[EXERCISE DATA]:
****************************************

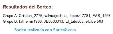 Lista de participantes: El_tato503, EAS_1997, wilmarjoshua, Cristian_2775, JB0503013, Jlopez17781, fathermr1988, elciber503.
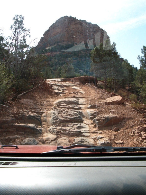 The Trail:Broken Arrow starts with a man made obstacle, which if you don't want to attempt then park your vehicle and walk the trail. There are a number of rocks to climb on and lockers are helpful but not required. The most difficult portion of the trail leads down the Steps. The "normal" route goes from parking lot, up Princess Rock (a number of cracks to play in here), down to Submarine Rock, up to Chicken Point, back down to Mushroom Rock and the Slide, and finally to the Steps. Many portions of the trail are not wide enough to support two Jeeps, so you may have to back-up to a turn out to let another vehicle drive past in the other direction. Rating:3.0 Runs:Date: 9/19/2008Suspension: TeraFlex 2.5" Spring Lift, stock tiresPhotos:In a crack at Princess Rock:
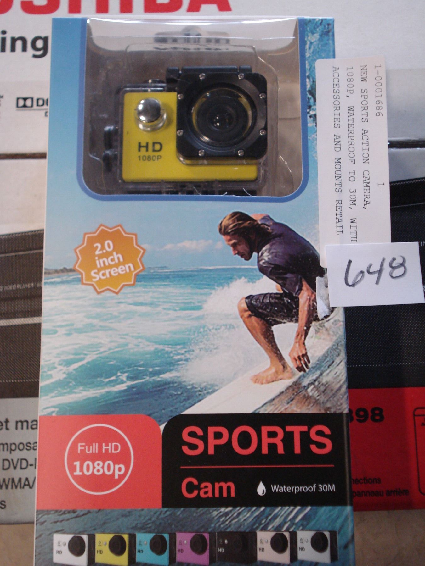 NEW SPORTS ACTION CAMERA, 1080P, WATERPROOF TO 30M, WITH ACCESSORIES AND MOUNTS RETAIL $149

****************************************

[EXERCISE DIRECTIONS]:
Copy all of the material word for word, and include none of its pictures.

[RESPONSE BELOW]:
 Lista de participantes: El_tato503, EAS_1997, wilmarjoshua, Cristian_2775, JB0503013, Jlopez17781, fathermr1988, elciber503.
 The Trail:Broken Arrow starts with a man made obstacle, which if you don't want to attempt then park your vehicle and walk the trail. There are a number of rocks to climb on and lockers are helpful but not required. The most difficult portion of the trail leads down the Steps. The "normal" route goes from parking lot, up Princess Rock (a number of cracks to play in here), down to Submarine Rock, up to Chicken Point, back down to Mushroom Rock and the Slide, and finally to the Steps. Many portions of the trail are not wide enough to support two Jeeps, so you may have to back-up to a turn out to let another vehicle drive past in the other direction. Rating:3.0 Runs:Date: 9/19/2008Suspension: TeraFlex 2.5" Spring Lift, stock tiresPhotos:In a crack at Princess Rock:
 NEW SPORTS ACTION CAMERA, 1080P, WATERPROOF TO 30M, WITH ACCESSORIES AND MOUNTS RETAIL $149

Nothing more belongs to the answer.